The above framewise log-magnitude spectra reconstruction procedure is described in [1]. We implemented it as shown using an Autoencoder, and observe that the reconstruction cannot generalize to pitches the network has not been trained on. For demonstration, we train the network including and excluding MIDI 63 along with its 3 neighbouring pitches on either side :
(a) Including MIDI 63
MIDI | 60 | 61 | 62 | 63 | 64 | 65 | 66 |
---|---|---|---|---|---|---|---|
Kept | $\checkmark$ | $\checkmark$ | $\checkmark$ | $\checkmark$ | $\checkmark$ | $\checkmark$ | $\checkmark$ |
(b) Excluding MIDI 63
MIDI | 60 | 61 | 62 | 63 | 64 | 65 | 66 |
---|---|---|---|---|---|---|---|
Kept | $\checkmark$ | $\checkmark$ | $\checkmark$ | $\times$ | $\checkmark$ | $\checkmark$ | $\checkmark$ |
We then give MIDI 63 as an input to both the above cases, and see how well the network can reconstruct the input
import IPython.display as ipd
print('Input MIDI 63 Note')
ipd.display(ipd.Audio('./ex/D#_19_og.wav'))
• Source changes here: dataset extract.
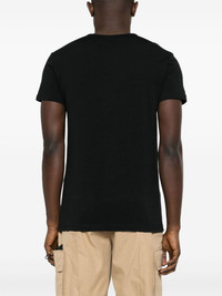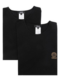 Blue T-shirt with short sleeves and gold logo print on the chest. product code: AU101931A10011A1008 COMPOSITION Made in Italy 94% cotton 6% elastane

print('(a) Reconstructed MIDI 63 Note when trained Including MIDI 63')
ipd.display(ipd.Audio('./ex/D#_19_trained_recon_stft_AE.wav'))
print('(b) Reconstructed MIDI 63 Note when trained Excluding MIDI 63')
ipd.display(ipd.Audio('./ex/D#_19_skipped_recon_stft_AE.wav'))